5) Get involved in HS- it goes by fast. It’s easier to stay involved in high school activities if you get involved freshman year. So, join a sport, student council, theatre or the newspaper right away.  You will thank me.  

6) Pick friends that have your back. It’s ok to walk away from unhealthy people you knew in middle school. Chances are your high school class will be pretty big compared to your 8th grade class. Meet everyone and make new friends based on shared interests, likes and values. 

7)  Every day is a new opportunity to re-invent yourself. This is a perfect time. Why? Because everyone else is doing the same thing! Don’t let others define you. Find new interests, change your attitude and explore new things. 

8) Clothes, electronics, make-up and music don’t make you cool. Confidence trumps all those things.  Drop the labels, products and latest apps. These things don’t make you interesting or likable. Show people who you are, have an opinion and make decisions for yourself.  People will respect you and your confidence. 

9) Stay away from drama- don’t get involved.  High school drama is the worst and it’s everywhere.
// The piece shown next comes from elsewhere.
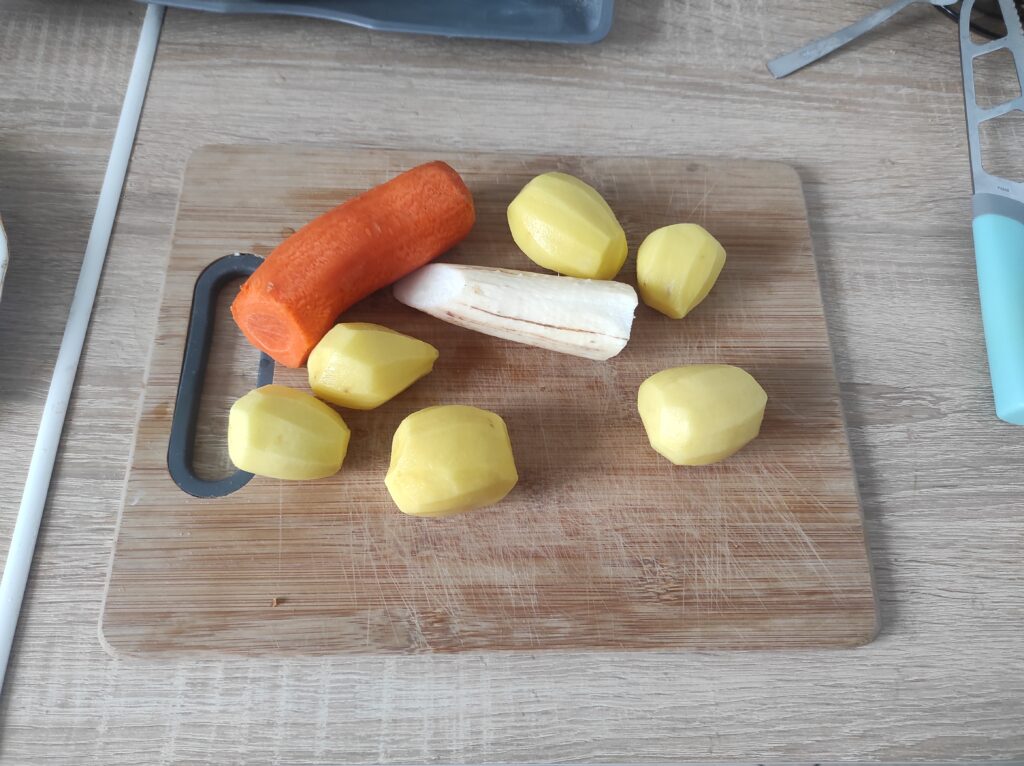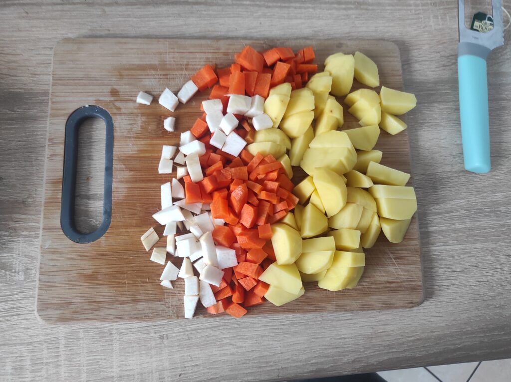 Marchew, ziemniaki, pietruszkę pokrój na kawałki. Ziemniaki zostaw w większych kawałkach, ponieważ szybciej zrobią się miękkie.
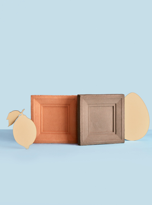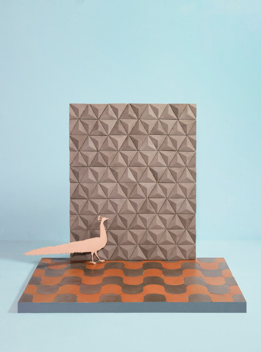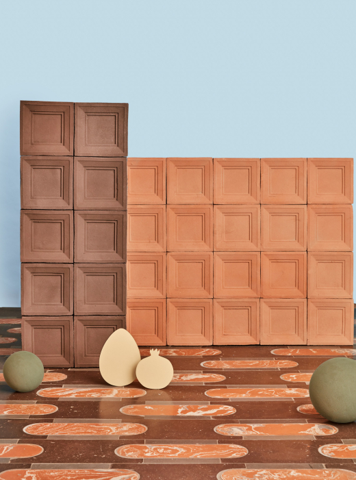 Pannelli di terracotta con motivo geometrico, appoggiati a una parete

Don’t gossip- it will come back to bite you.  Don’t tweet, post, say or share inappropriate things. You will be labeled very quickly as a mean girl/a gossip and this label can be hard to shake. 

10) Don’t do anything you don’t want to do.  If you stand up for yourself, say no, or walk away from the first bad situation freshman year, people will take notice. That way peer pressure will not follow you for the next 3 years. Instead, you will attract like minded friends.